After this defeat the Whizzer and his teammates are teleported off-world by Nebulon, returning with an energy-draining weapon. The Squadron Sinister plan to threaten the Earth again but are defeated once more by the Defenders and the Avenger Yellowjacket. The character has another brief encounter with several members of the Avengers, who seek a way to separate the power prism of Doctor Spectrum from fellow Avenger the Wasp. The Whizzer disassociates himself from the Squadron Sinister and adopts a new costume and alias, Speed Demon.

Writer Bill Mantlo and penciller Bob Hall revamped the character in the title The Amazing Spider-Man, with Sanders returning to crime with a new costume and the alias Speed Demon.
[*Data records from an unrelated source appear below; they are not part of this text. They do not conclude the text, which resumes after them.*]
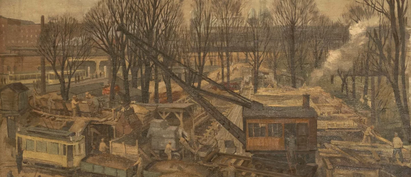 Bernt Rösel (1912 Essen): Ansicht des Essener Hauptbahnhofs, Öl auf Hartfaserplatte, 67 cm x 84 cm Werkmaß, signiert, 1942 datiert,...
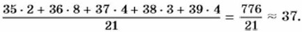 § 4. Статистические характеристики Среднее арифметическое, размах и мода (продолжение)Моду ряда данных обычно находят, когда хотят выявить некоторый типичный показатель. Например, если изучаются данные о размерах мужских сорочек, проданных в определённый день в универмаге, то удобно воспользоваться таким показателем, как мода, который характеризует размер, пользующийся наибольшим спросом. Среднее арифметическое в этом случае не даёт полезной информации. Мода является наиболее приемлемым показателем при выявлении расфасовки некоторого товара, которой отдают предпочтение покупатели, цены на товар данного вида, распространённой на рынке, и т. п. Рассмотрим ещё пример. Пусть, проведя учёт деталей, изготовленных за смену рабочими одной бригады, получили такой ряд данных: 36, 35, 35, 36, 37, 37, 36, 37, 38, 36, 36 36, 39, 39, 37, 39, 38, 38, 36, 39, 36. Найдём для него среднее арифметическое, размах и моду. Для этого удобно предварительно составить из полученных данных упорядоченныи ряд чисел, т. е. такой ряд, в котором каждое последующее число не меньше (или не больше) предыдущего. Получим 35, 35, 36, 36, 36, 36, 36, 36, 36, 36, 37, 37, 37, 37, 38, 38, 38, 39, 39, 39, 39. Вычислим среднее арифметическое:
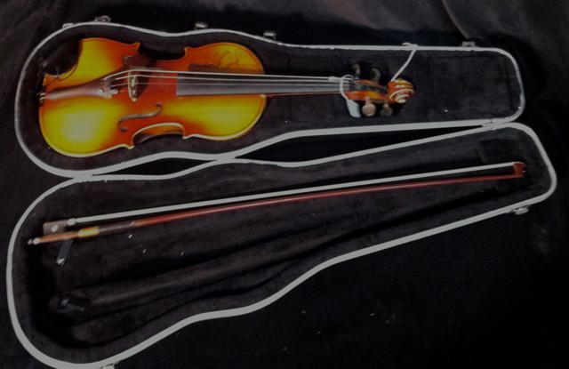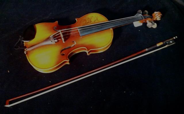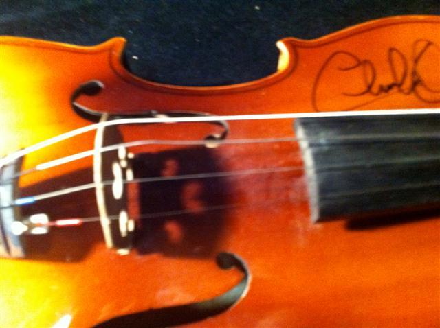 Charlie Daniels Stage Played Autographed Violin - A Suzuki violin and bow played by Charlie Daniels at a benefit for the Fingerlakes Race Track and Casino in Farmington, NY. Daniels performed at the benefit and then signed the violin. Violin shows signs of play as well as resin deposits. Includes a framed photograph of him holding the signed violin at the benefit, carrying case. and original documentation. 31" x 11" x 5". Oversized item. Additional shipping charges required.
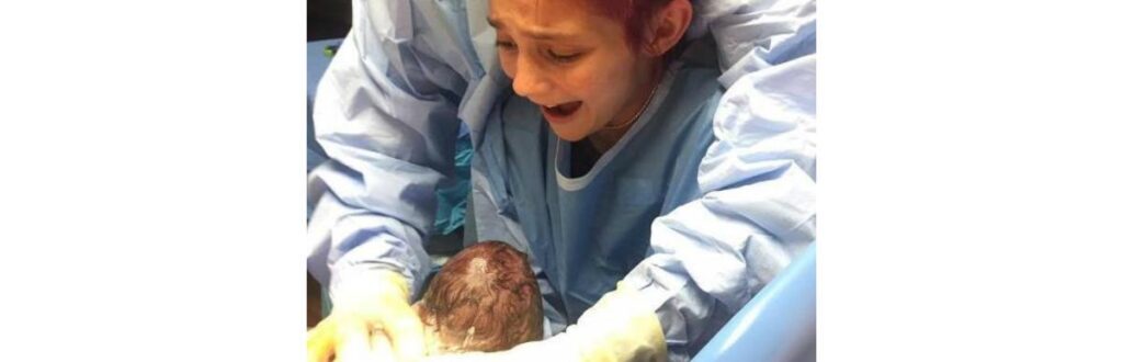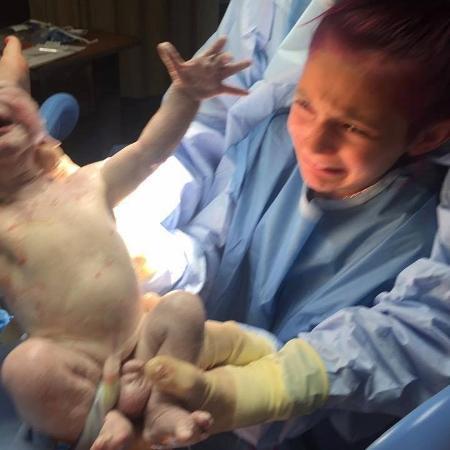 Dede contou que a primogênita estava triste por não participar do momento especial, então a equipe do hospital no Mississippi, Estados Unidos, a convidou para ajudar nos procedimentos. Ela aceitou na hora e foi a responsável por entregar o bebê para a mãe.”Mesmo com dor e contrações, ver as expressões de Jacee foi algo impagável. Me concentrar no rosto dela me ajudou muito”, escreveu Dede no post que já teve mais de 70 mil curtidas e 8 mil compartilhamentos.
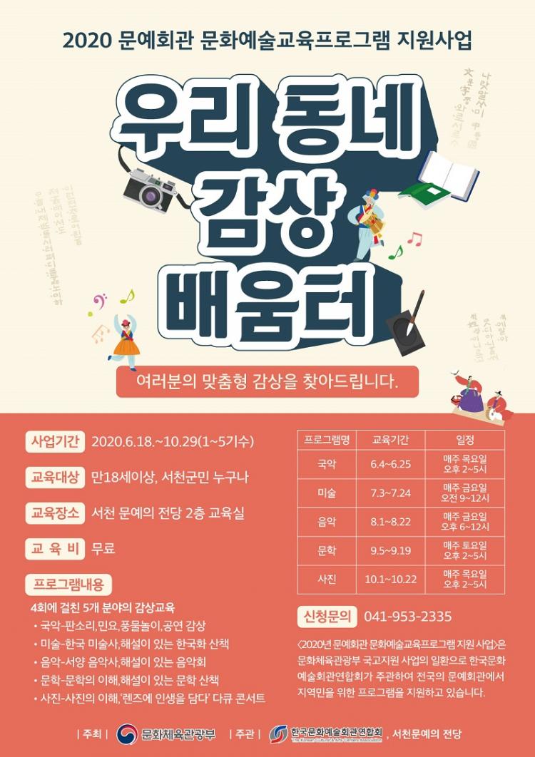 À̹ø ±³À° ÇÁ·Î±×·¥Àº Çѱ¹¹®È¿¹¼úȸ°ü¿¬ÇÕȸ¿¡¼ ÁÖ°üÇÑ '¹®¿¹È¸°ü ¹®È¿¹¼ú ±³À° ÇÁ·Î±×·¥'ÀÇ ÀÏȯÀ¸·Î, ¼Ãµ±º¿¡ °ÅÁÖÇÏ´Â ¼ºÀε鿡°Ô ¹«·á·Î ¾Ç±â ¼ö¾÷°ú ¿¹¼ú °¨»ó ¼ö¾÷À» ÁøÇàÇÑ´Ù.
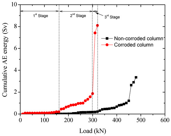 - The AE characteristics of RC columns are in strong agreement with the macroscopic mechanical behaviors observed during the loading and failure process. The reinforcement corrosion considerably affects the mechanical performance of columns, causing the concrete cover to spall during compressive loading.
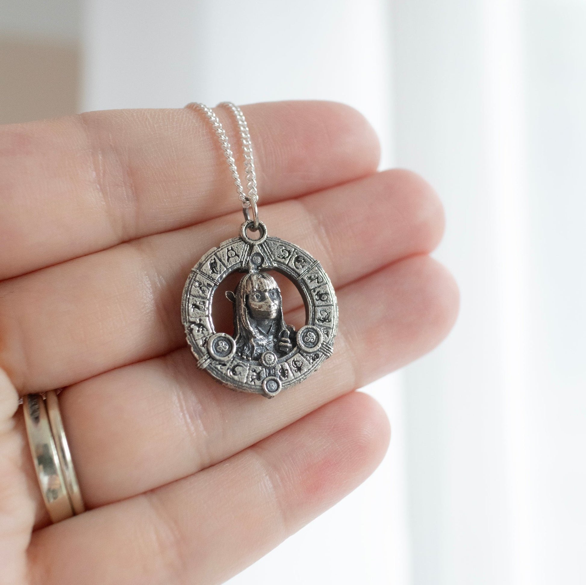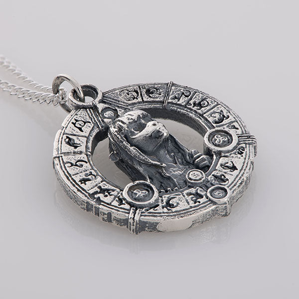 Embrace the dark enchantment of The Dark Crystal with the Jen Necklace, handcrafted recycled sterling silver. This exclusive pendant celebrates Jim Henson's epic and iconic fantasy adventure, capturing the essence of Jen the Gelfling. With his long, thick hair and clothing adorned with intricate urRu designs, Jen peers through a circle surrounded by mystical urRu symbols.
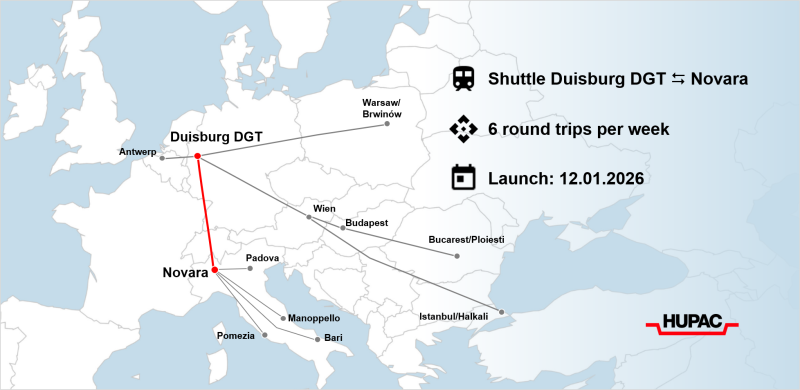 Intermodal transport operator Hupac announced the launch of a new rail service between Duisburg Gateway Terminal (DGT) and Novara CIM, effective January 12, 2026. The project aims to accelerate the shift in freight flows from road to rail and further develop sustainable logistics solutions in Europe.
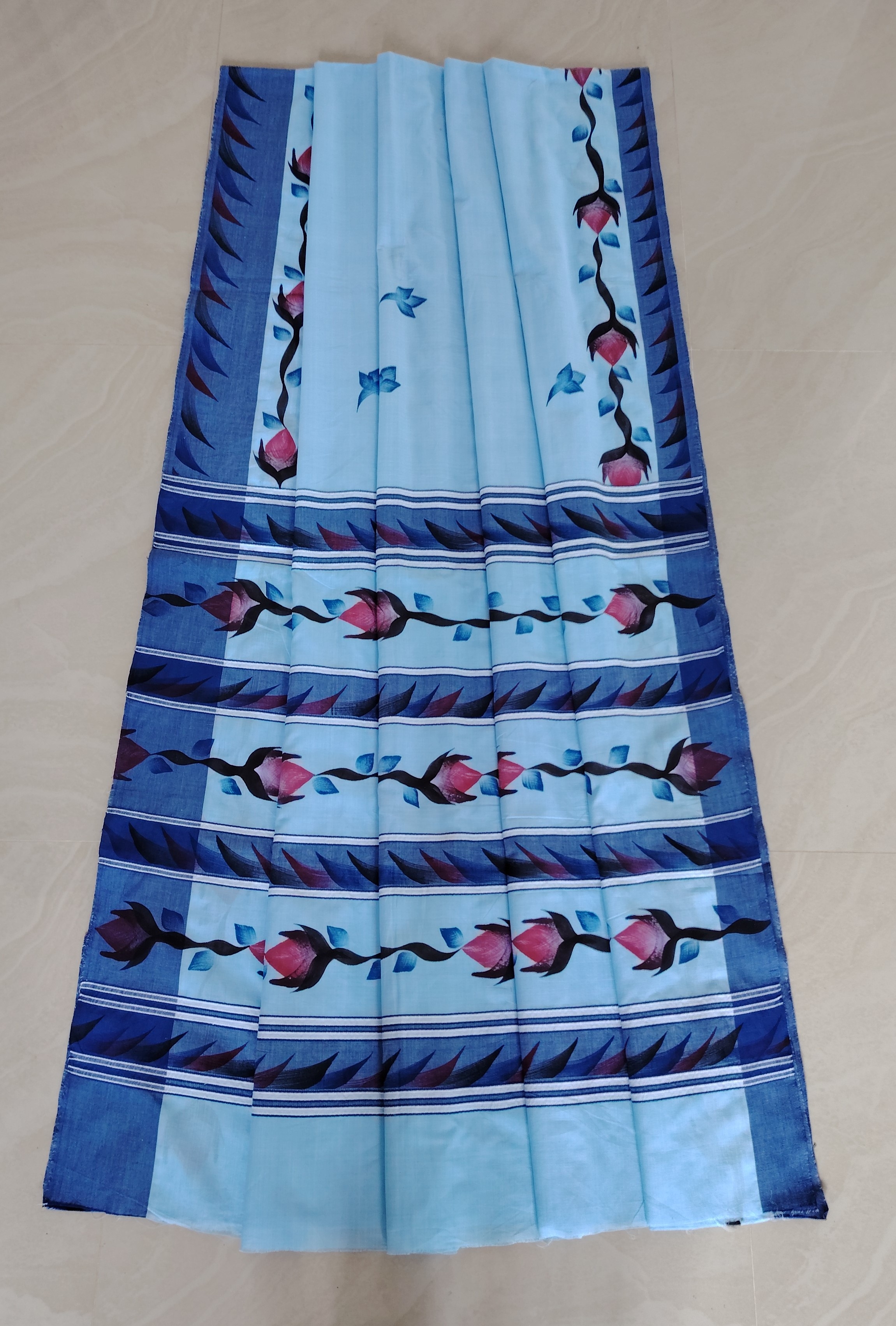 Woven with pure cotton yarns, this saree offers breathability and lightweight drape, ideal for all-day wear. The hand-painted floral patterns add a unique artistic touch, making each piece one of a kind.
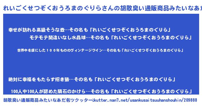 | 意味不明あだ名 | 『住所不定無職れいごくせつぞくおうろまのぐりら(5歳)』 |
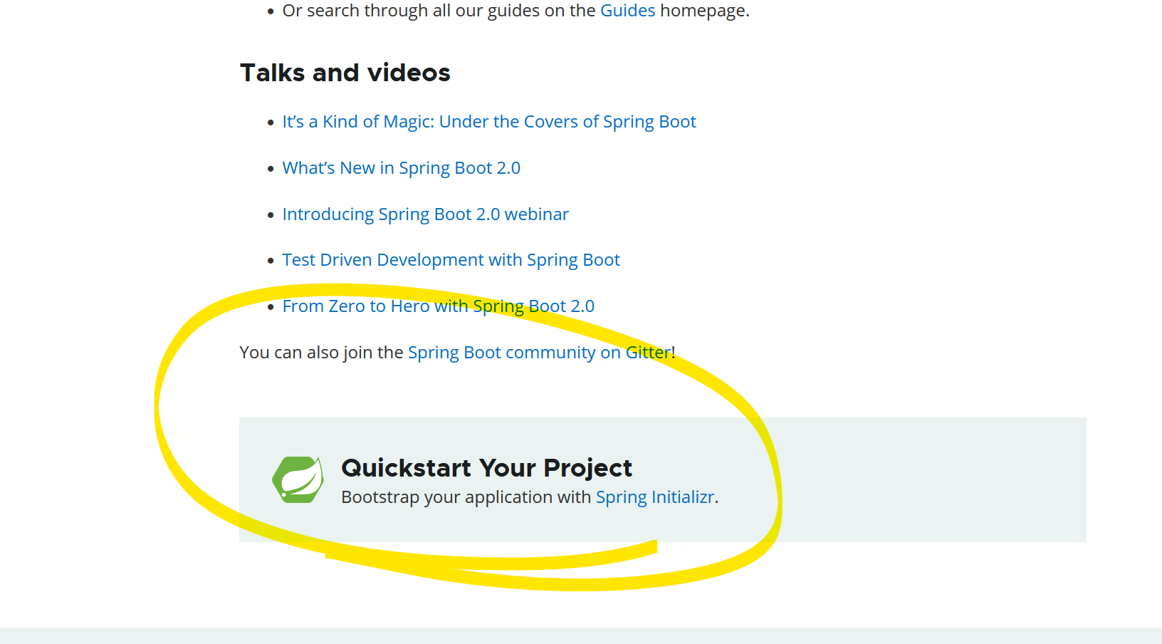 进入到 SpringBoot 官网后拖到最下方就可以看到如下内容
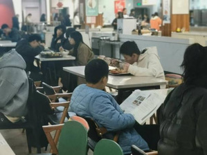 考研自习室开放第一天,不少同学吃完饭后就留在食堂继续奋战学习。食堂增加了消杀、打扫的频次,并要求工作人员减少噪音,保证同学们良好整洁的学习环境。
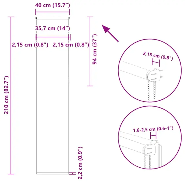 vidaXL Rolo zatemnjena svetlo siva 40x210 cm tkanina širina 35,7 cm

The character makes a number of appearances in titles, including Marvel Team-Up against Spider-Man and Fantastic Four member the Human Torch, in The Amazing Spider-Man as a member of the criminal group the Sinister Syndicate, Marvel Tales, Quasar, and in the graphic novel Avengers: Deathtrap – The Vault (1991).

Speed Demon makes another abortive attempt to kill Spider-Man in the limited series The Deadly Foes of Spider-Man; battles the mutant Wolverine; features in Web of Spider-Man; encounters Spider-Man and the New Warriors in Spectacular Spider-Man Annual #12, Web of Spider-Man Annual #8, and The New Warriors Annual #2 (all 1992); and in the title Captain America briefly skirmishes with the hero at an A.I.M. weapons expo. After an appearance in the limited series Spider-Man: The Power of Terror, Speed Demon is employed by crime boss Justin Hammer to battle the superhero team the Thunderbolts.

Speed Demon is recruited to join the New Thunderbolts but is eventually ejected from the team by heroine Songbird for stealing money to fund the team (including from the company of former teammate Kyle Richmond, who tracks the character as Nighthawk). After a confrontation and unexpected skirmish with an apparently resurrected Hyperion and a new Doctor Spectrum (Alice Nugent, former lab assistant of Henry Pym), Speed Demon defects to join the reformed Squadron Sinister.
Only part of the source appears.